Items from a dataset:

[Start of Attachment]

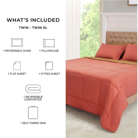 Mainstays All in One Reversible Comforter and Sheet Set- 5 Piece, Twin, Red Canyon
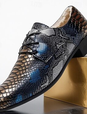 Мужские туфли из искусственной кожи сине-серого цвета с тиснением под змеиную кожу, современные модные кроссовки на шнуровке для ночных клубов, модных мероприятий и смелых образов.
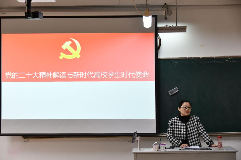 第一场讲座由马克思主义学院吴小倩老师主讲。吴老师以党的二十大精神解读与新时代高校学生时代使命”为主题带领我们深刻认识了党的二十大的意义吴老师向我们详细讲述了党的二十大报告中的关键论述,对习近平总书记重要讲话和二十大精神理论创新进行了阐述,宣扬了新时代中国特色社会主义取得的重大成就和宝贵经验。最后吴老师对新时代高校学生提出要求,希望新时代高校学生能够担当起时代的使命。
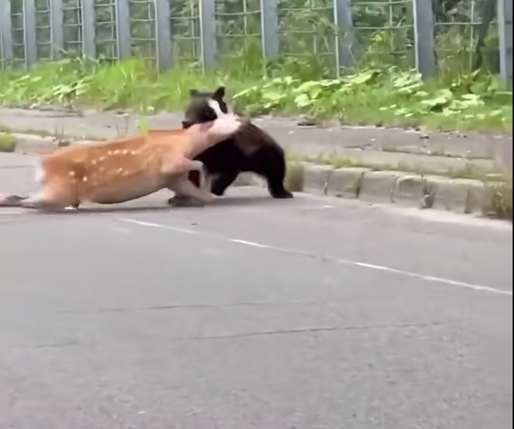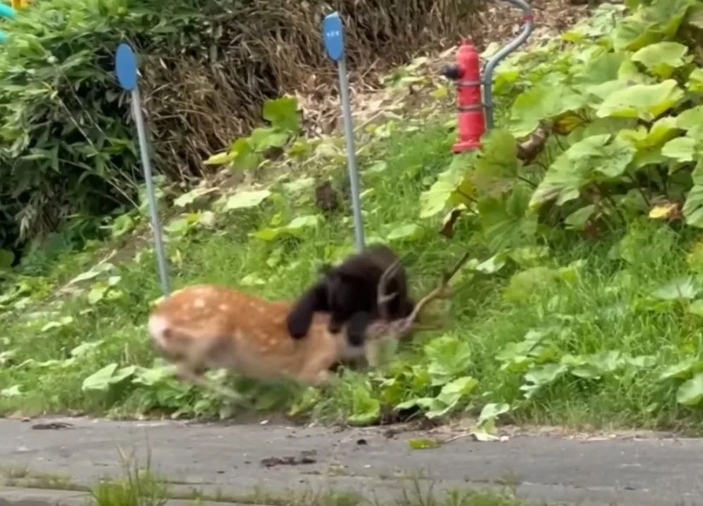 7月27日,日本北海道一头熊在国道上袭击一只鹿并将其拖入草丛,袭击全程被拍下。熊咬住鹿的脖子,将发出哀鸣的鹿拖到路边的草丛,随后开始啃食。
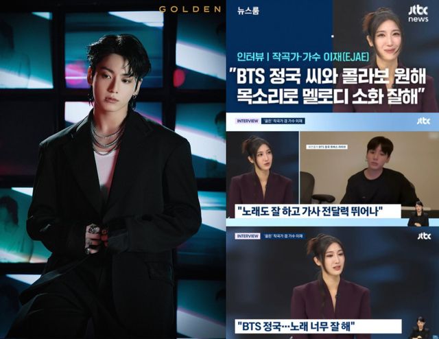 19일 방송된 JTBC ‘뉴스룸’ 초대석에 출연한 ‘케데헌’ OST ‘골든’의 작곡가 겸 가창자 이재(EJAE)는 직접 정국을 언급하며 “정국 씨, 한 번 컬래버 해 주세요”라고 공개 러브콜을 보냈다.
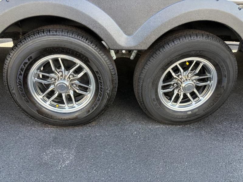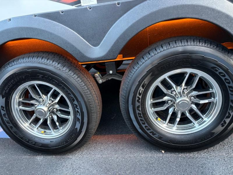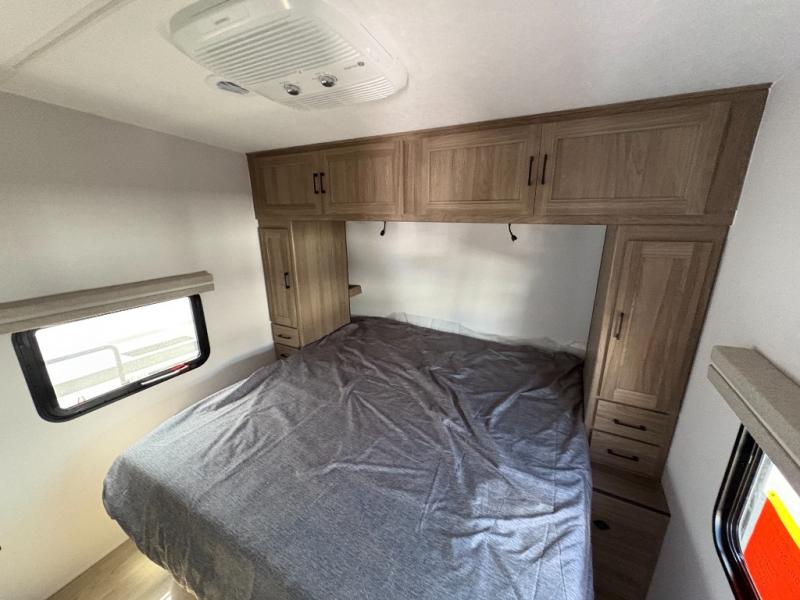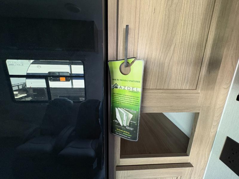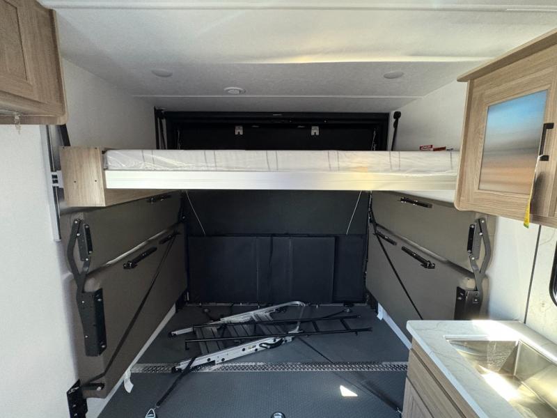 With any WORK AND PLAY toy hauler travel trailer by Coachmen, the required Exterior Value package includes a one-piece Dicor Tufflex PVC roof membrane, a fiberglass front cap with rock guard to help against road debris, heavy duty Dexter axles, tinted safety glass windows, and aluminum wheels. Some exterior standards include a heated and enclosed underbelly, a patio ready ramp door with cables for an outdoor above ground space to enjoy, a power tongue jack for easy setup, and an outside spray port to clean off your toys. The interior standards include HD rubberized oil/gas/moisture resistant flooring in the garage area, hidden hinge cabinets and doors, indoor/outdoor Bluetooth speakers, and USB charging ports in multiple locations for your electronics to mention a few.
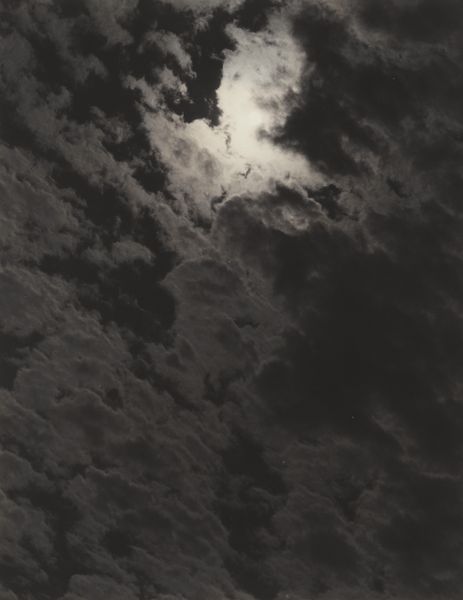Curator: Here we have "Equivalent K3," a gelatin silver print by Alfred Stieglitz from 1929. It's part of a larger series that he referred to as "Equivalents." Editor: My first thought is just how incredibly atmospheric it is. A brooding sky, full of shadow and light fighting for dominance. It feels heavy with unspoken meaning, charged with a latent anxiety. Curator: Exactly! Stieglitz sought to capture not just a scene, but a feeling, an emotion. The clouds are a metaphor, a symbol for inner states. The 'Equivalents' are meant to be equivalent to his own feelings at the time, expressing the artist's inner emotional landscape through abstract symbolism. Editor: I find myself wondering about that emotional landscape. Given the time period, the interwar years, with the rise of fascism and social upheaval, how much of that seeps into the image? The murkiness, the almost violent contrast – it speaks to a deep sense of uncertainty, perhaps even dread, which might be read as a societal mood of impending chaos and disaster. Curator: Absolutely, context is vital here! The "Equivalents" were, in part, a response to criticism that his earlier work focused too much on subject matter. He wanted to prove photography could be pure expression, like music, divorced from direct representation, accessing something fundamental. The clouds could stand for many things, even his relationships. Editor: I am fascinated that Stieglitz suggests the purity of expression while being unable to evade those inescapable anxieties associated with war, loss and inequality which influenced even the act of capturing those cloudscapes. This interplay between seeking freedom from context while intrinsically being embedded within it really adds another complex dimension to this artwork. Curator: He sought a universality of feeling, something timeless and relatable regardless of context, communicated through the evocative power of these images. His focus remained, it could be argued, on making external his emotional conditions using photography as a cathartic process. Editor: And ultimately, it’s the dialogue between intention and interpretation that makes art so compelling. That constant push and pull informs and enriches our experience of seeing it. Curator: Precisely! "Equivalent K3", far from being a mere study of clouds, becomes a mirror reflecting our own feelings, anxieties, and hopes.
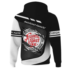 Railspirit Personalized Atlantic Coast Line Railroad Hoodie Ripped Texture Style Train Zip Up Hoodie For Railroad Fanatic
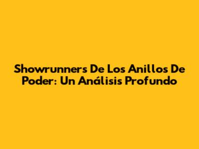 Showrunners De 'Los Anillos De Poder': Un Análisis Profundo
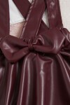 Bordo Deri Etekli Bluzlu Kız Çocuk Salopet Takım
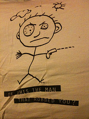 In the final seconds of the commercial (and in my mind every time I walked by his office) it was held triumphantly aloft by the overly confident police sketch artist as the visual punchline accompanying his single line of dialogue: "Is THIS the man who robbed you?" At which point the victim, who has just finished giving his painstaking description of the perpetrator with plenty of helpful details, sputters indignantly, "You can't draw!" It is hilarious.
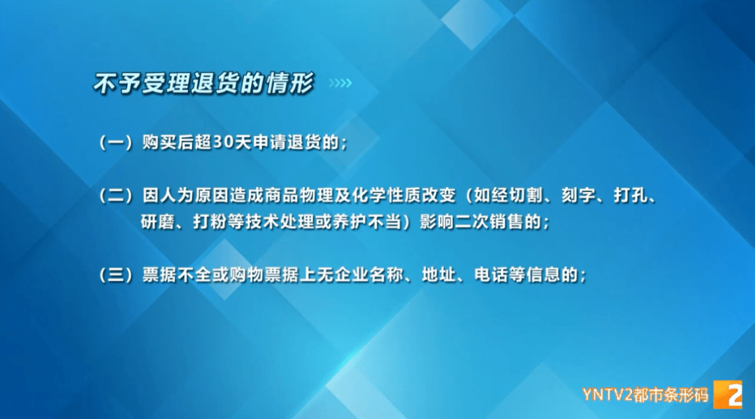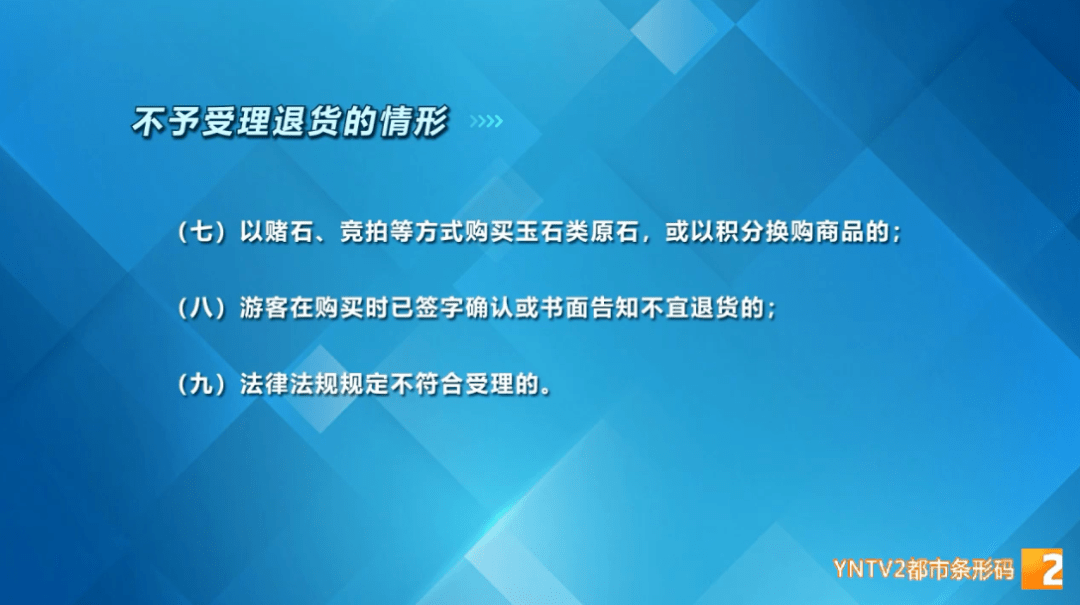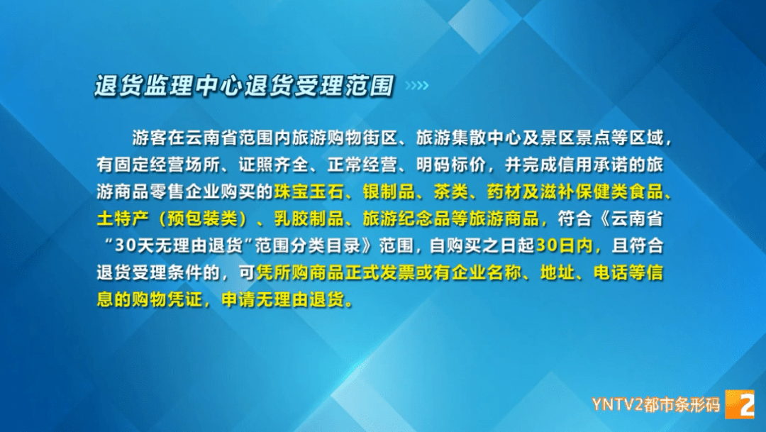 按照这一政策,游客在云南省内的旅游购物街区、旅游集散中心及景区景点等区域,有固定经营场所、证照齐全、正常经营、明码标价,并完成信用承诺的旅游商品零售企业所购买的 珠宝玉石、银制品、茶类、药材及滋补保健食品、土特产(预包装类)、乳胶制品、旅游纪念品等商品,自购买 30日内,可 凭商品正式发票或有企业名称、地址、电话等信息的购物凭证,申请无理由退货。
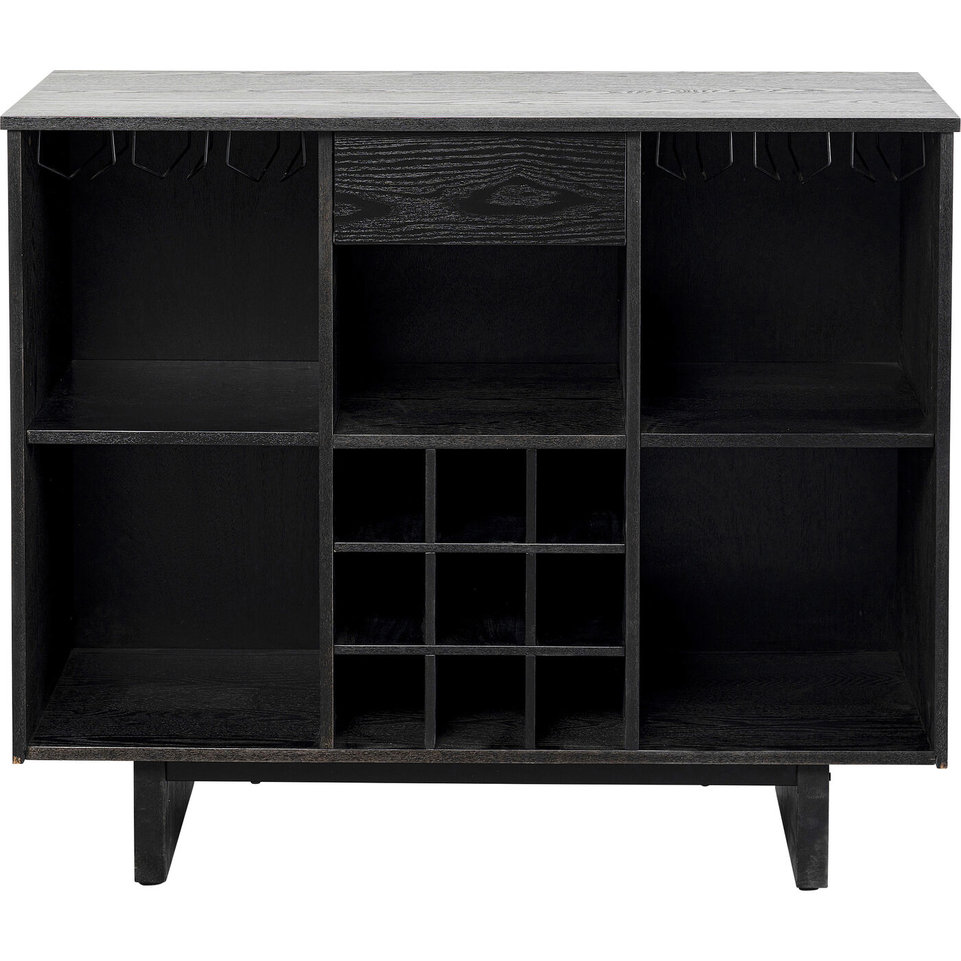 Dieser Bartresen für das Wohnzimmer glänzt durch hochwertige Materialien und einen einzigartigen Look. Seine Front schimmert je nach Lichteinfall unterschiedlich. Pezioso punktet aber nicht nur mit seinem coolen, modernen Design. Auf der Rückseite finden sich eine Schublade, ein Flaschenregal, große Fächer und Schienen, um Stielgläser sicher aufzubewahren.
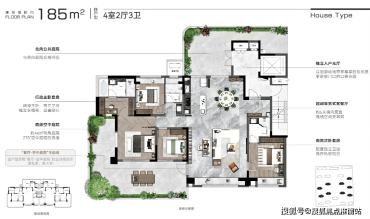 创新曲面转角院落,并实现全户型搭载“客厅-空中庭院”的主动线设计,整体营造立体墅式庭院生活场景。
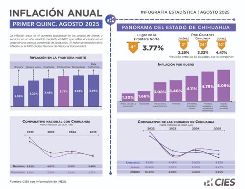El CIES mostró los datos de inflación de tres urbes chihuahuenses: Ciudad Jiménez, Chihuahua y Ciudad Juárez.

[End of Attachment]

> _WHAT YOU WILL DO_: Repeat all of the entries above exactly. Keep pictures out of it.

> _EXPECTED OUTPUT_:
 Mainstays All in One Reversible Comforter and Sheet Set- 5 Piece, Twin, Red Canyon
 Мужские туфли из искусственной кожи сине-серого цвета с тиснением под змеиную кожу, современные модные кроссовки на шнуровке для ночных клубов, модных мероприятий и смелых образов.
 第一场讲座由马克思主义学院吴小倩老师主讲。吴老师以党的二十大精神解读与新时代高校学生时代使命”为主题带领我们深刻认识了党的二十大的意义吴老师向我们详细讲述了党的二十大报告中的关键论述,对习近平总书记重要讲话和二十大精神理论创新进行了阐述,宣扬了新时代中国特色社会主义取得的重大成就和宝贵经验。最后吴老师对新时代高校学生提出要求,希望新时代高校学生能够担当起时代的使命。
 7月27日,日本北海道一头熊在国道上袭击一只鹿并将其拖入草丛,袭击全程被拍下。熊咬住鹿的脖子,将发出哀鸣的鹿拖到路边的草丛,随后开始啃食。
 19일 방송된 JTBC ‘뉴스룸’ 초대석에 출연한 ‘케데헌’ OST ‘골든’의 작곡가 겸 가창자 이재(EJAE)는 직접 정국을 언급하며 “정국 씨, 한 번 컬래버 해 주세요”라고 공개 러브콜을 보냈다.
 With any WORK AND PLAY toy hauler travel trailer by Coachmen, the required Exterior Value package includes a one-piece Dicor Tufflex PVC roof membrane, a fiberglass front cap with rock guard to help against road debris, heavy duty Dexter axles, tinted safety glass windows, and aluminum wheels. Some exterior standards include a heated and enclosed underbelly, a patio ready ramp door with cables for an outdoor above ground space to enjoy, a power tongue jack for easy setup, and an outside spray port to clean off your toys. The interior standards include HD rubberized oil/gas/moisture resistant flooring in the garage area, hidden hinge cabinets and doors, indoor/outdoor Bluetooth speakers, and USB charging ports in multiple locations for your electronics to mention a few.
Curator: Here we have "Equivalent K3," a gelatin silver print by Alfred Stieglitz from 1929. It's part of a larger series that he referred to as "Equivalents." Editor: My first thought is just how incredibly atmospheric it is. A brooding sky, full of shadow and light fighting for dominance. It feels heavy with unspoken meaning, charged with a latent anxiety. Curator: Exactly! Stieglitz sought to capture not just a scene, but a feeling, an emotion. The clouds are a metaphor, a symbol for inner states. The 'Equivalents' are meant to be equivalent to his own feelings at the time, expressing the artist's inner emotional landscape through abstract symbolism. Editor: I find myself wondering about that emotional landscape. Given the time period, the interwar years, with the rise of fascism and social upheaval, how much of that seeps into the image? The murkiness, the almost violent contrast – it speaks to a deep sense of uncertainty, perhaps even dread, which might be read as a societal mood of impending chaos and disaster. Curator: Absolutely, context is vital here! The "Equivalents" were, in part, a response to criticism that his earlier work focused too much on subject matter. He wanted to prove photography could be pure expression, like music, divorced from direct representation, accessing something fundamental. The clouds could stand for many things, even his relationships. Editor: I am fascinated that Stieglitz suggests the purity of expression while being unable to evade those inescapable anxieties associated with war, loss and inequality which influenced even the act of capturing those cloudscapes. This interplay between seeking freedom from context while intrinsically being embedded within it really adds another complex dimension to this artwork. Curator: He sought a universality of feeling, something timeless and relatable regardless of context, communicated through the evocative power of these images. His focus remained, it could be argued, on making external his emotional conditions using photography as a cathartic process. Editor: And ultimately, it’s the dialogue between intention and interpretation that makes art so compelling. That constant push and pull informs and enriches our experience of seeing it. Curator: Precisely! "Equivalent K3", far from being a mere study of clouds, becomes a mirror reflecting our own feelings, anxieties, and hopes.
 Railspirit Personalized Atlantic Coast Line Railroad Hoodie Ripped Texture Style Train Zip Up Hoodie For Railroad Fanatic
 Showrunners De 'Los Anillos De Poder': Un Análisis Profundo
 Bordo Deri Etekli Bluzlu Kız Çocuk Salopet Takım
 In the final seconds of the commercial (and in my mind every time I walked by his office) it was held triumphantly aloft by the overly confident police sketch artist as the visual punchline accompanying his single line of dialogue: "Is THIS the man who robbed you?" At which point the victim, who has just finished giving his painstaking description of the perpetrator with plenty of helpful details, sputters indignantly, "You can't draw!" It is hilarious.
 按照这一政策,游客在云南省内的旅游购物街区、旅游集散中心及景区景点等区域,有固定经营场所、证照齐全、正常经营、明码标价,并完成信用承诺的旅游商品零售企业所购买的 珠宝玉石、银制品、茶类、药材及滋补保健食品、土特产(预包装类)、乳胶制品、旅游纪念品等商品,自购买 30日内,可 凭商品正式发票或有企业名称、地址、电话等信息的购物凭证,申请无理由退货。
 Dieser Bartresen für das Wohnzimmer glänzt durch hochwertige Materialien und einen einzigartigen Look. Seine Front schimmert je nach Lichteinfall unterschiedlich. Pezioso punktet aber nicht nur mit seinem coolen, modernen Design. Auf der Rückseite finden sich eine Schublade, ein Flaschenregal, große Fächer und Schienen, um Stielgläser sicher aufzubewahren.
 创新曲面转角院落,并实现全户型搭载“客厅-空中庭院”的主动线设计,整体营造立体墅式庭院生活场景。
El CIES mostró los datos de inflación de tres urbes chihuahuenses: Ciudad Jiménez, Chihuahua y Ciudad Juárez.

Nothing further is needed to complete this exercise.